When she hung up the phone she didn’t know what she would tell her son Armando. She would have to tell him the truth that his father was coming
home.
She thought. “He will be like a girl at her quinceanera, jumping and dancing and singing with joy. He cannot know that it is not a time for
celebration but a time to admit defeat. A time to get used to eating like birds, like we did two years ago before Ramon went north to work with his
cousin Lupe with the blocks and the trowel in Austin, Texas”.
“Ramon will not be celebrating. He will not be happy when he sees the lines of young men at the gate to the docks, at the Veracruz Roadways Projects
office, all waiting for a chance to work for nothing, enough for food but not enough for food and rent, enough for rent but not enough for rent and
food. Will it never end? He will not be happy with the small amount I have saved. It seems he sent so much, tens of thousands of pesos, but I had to
help my sister and her family, buy school things and clothes for Armando, pay the doctor when he got the gripe, when he cut his foot. Surely he
can’t expect I could save that much.”
Olivia Ortiz was filled with so many emotions she sat there, holding the phone, unable or unwilling to move – so conflicted by fear and shame and
helplessness. She was afraid Ramon would go into a rage about how much money was left, how much she spent. Shamed because he had risked everything to
make the money, send it home, that he had worked so hard for so long and perhaps it really was her fault they had little to show for it now. She
shared the hopeless, empty feeling with all the poor people of Tuxpan who could not envision a better tomorrow.
And what about the boy? She remembered taking Ramon’s old tattered, plaid shirt from his sack before he left. Armando found it; made it his own,
slept with it and sometimes would wear it like a robe. She would often see the quick wiry boy, now seven years old, stalking through the platano, his
small feet encased in red mud, mimicking his beloved father; cursing, spitting, slashing out at the thick, green stalks and fronds with a stick. In
the boy’s mouth, a small piece of wood, a prop cigarette to finish the picture. Sometimes the little man of the house went too far in his efforts to
help his Mami. Olivia could not count the times she had go to the neighbors, pay them for the chickens and eggs he stole and brought home with a grin.
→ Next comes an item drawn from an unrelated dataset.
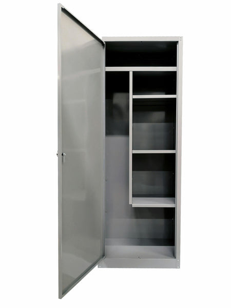 Armadio metallico monoblocco progettato per l’organizzazione ottimale di scope, detergenti e materiali per la pulizia. La struttura in acciaio verniciato, robusta e durevole, lo rende ideale per ambienti professionali, come uffici, scuole, laboratori, magazzini e locali tecnici.

He considered all chickens near his fence as free range stock. To Armando it was a simple Civil Rights question. The answer being that eggs produced
are the products of patently free peckers and scratchers who got food from not just the streets but also the Ortiz property and the small yards and
gardens of all of Armando’s neighbors.
His bravery was never more evident as the day his father was packing to leave. His five year old heart was beating with more than childish resolve.
“Papi, don’t leave, stay here with us. I will make the money. Show me how to make the money. Show me what to do and I can help. I will make the
money.” His eyes welled up but he turned away to hide the tears, then tried again and again until his father pulled away from his frantic grasp then
disappeared like a ghost into the early morning mist.
Lonely are the brave. The boy would not show his tears to his mother. She could hear his muffled sobs smothered by his pillow and bedding. He did not
care about the new shoes, the bright and handy school backpack – he missed his father, the man who had doted on the boy every minute he spent at
home. Armando knew nothing of the girl child who died for him in the birthing bed; he could never know how much his father was thankful for a
replacement, a boy, a beautiful boy to love, to hold, to teach.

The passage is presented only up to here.